Réception du film : un décalage entre attentes et résultat
Avec environ 410 000 entrées en France, le film n’a pas transformé le phénomène littéraire en succès commercial équivalent. Pour un budget de 7,3 millions d’euros, le résultat reste modeste. Les notes critiques reflètent cette tiédeur : la presse comme les spectateurs ont exprimé des réserves.
Plusieurs éléments expliquent cet écart :
- Le public du roman attendait une fidélité émotionnelle que le format comédie dramatique ne pouvait pas toujours restituer
- La concurrence en salles au moment de la sortie a limité la visibilité du film face à des productions plus médiatisées
- Le ton du film oscille entre comédie et drame sans trancher, ce qui a pu dérouter une partie du public cherchant un genre identifiable
Ce résultat s’inscrit dans une tendance plus large : adapter un best-seller français au cinéma ne garantit pas le transfert d’audience.
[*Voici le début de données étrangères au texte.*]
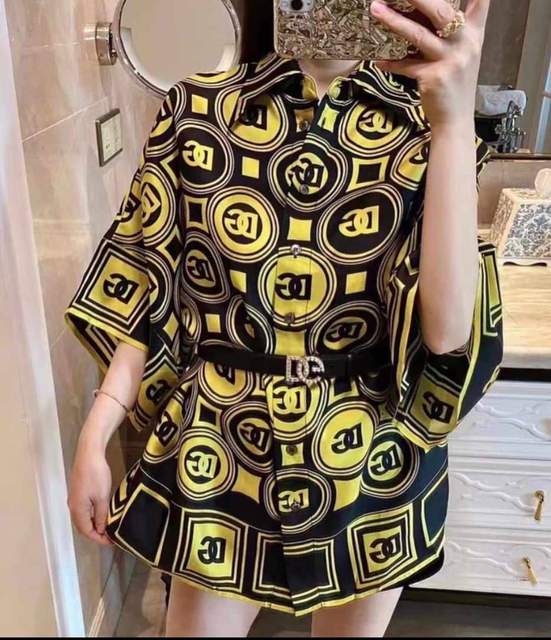 Рубашка Dolce & Gabbana LUX-68542 представляет собой яркое и стильное решение для женского гардероба. Ее отличительной чертой является оригинальный принт с элементами логотипа бренда, выполненный в контрастной черно-желтой гамме. Свободный крой и короткие рукава обеспечивают комфорт, а наличие пояса позволяет подчеркнуть талию. Эта модель идеально подходит для создания эффектных повседневных и вечерних образов.
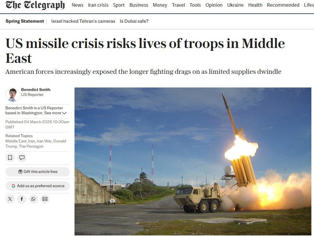 ‘Ракетный кризис в США ставит под угрозу жизни военнослужащих на Ближнем Востоке’ – The Telegraph пишет, что запасы ракет ПВО вовсе не бесконечные, как заявлял Трамп.
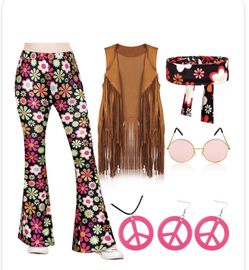 7 Pcs Kids 60s 70s Hippie Outfits for Girls Costume Set Boho Flared Pants Hippie Outfits Accessories Set Large ( Rodeo )$20Houston, TX

Le lectorat d’un roman et le public d’une salle de cinéma ne se recoupent pas automatiquement.

La Liste de mes envies en streaming : où voir le film aujourd’hui
Le film reste accessible en vidéo à la demande. Il est disponible en location sur plusieurs plateformes VOD françaises, avec des tarifs démarrant à quelques euros. Il figure aussi dans le catalogue de certains services de streaming par abonnement.
Pour ceux qui découvrent le film après le roman, le visionnage en streaming permet une comparaison directe entre les deux versions de l’histoire. Le format domestique convient d’ailleurs bien à ce type de récit intimiste, peut-être mieux que la salle de cinéma.
Mathilde Seigner après le film : une carrière tournée vers la télévision
Après La Liste de mes envies, Mathilde Seigner a progressivement orienté sa carrière vers la fiction télévisée. À partir de 2016, elle devient l’héroïne de la série Sam sur TF1, un rôle récurrent qui s’impose comme l’un des succès durables de la fiction française.
Ce glissement du cinéma vers la télévision n’est pas un repli. Il reflète une évolution du paysage audiovisuel français où les actrices de premier plan trouvent dans les séries des personnages plus développés, sur plusieurs saisons, que dans des rôles de comédie au cinéma limités à un seul film.
Le rôle de Jocelyne dans La Liste de mes envies se situe à la charnière de cette transition. Le personnage de la mercière d’Arras, avec sa normalité assumée et ses dilemmes quotidiens, annonce le type de figures féminines que Seigner explorera ensuite dans Sam : des femmes ordinaires confrontées à des situations qui les dépassent, mais qui refusent de se laisser définir par elles.
Le film de Didier Le Pêcheur reste un objet singulier dans la filmographie de Mathilde Seigner. Ni son plus grand rôle, ni un faux pas, il documente un moment précis où une actrice de cinéma, un auteur à succès et un réalisateur ont tenté de faire cohabiter deux langages, celui du livre et celui de l’écran, avec des résultats inégaux mais sincères.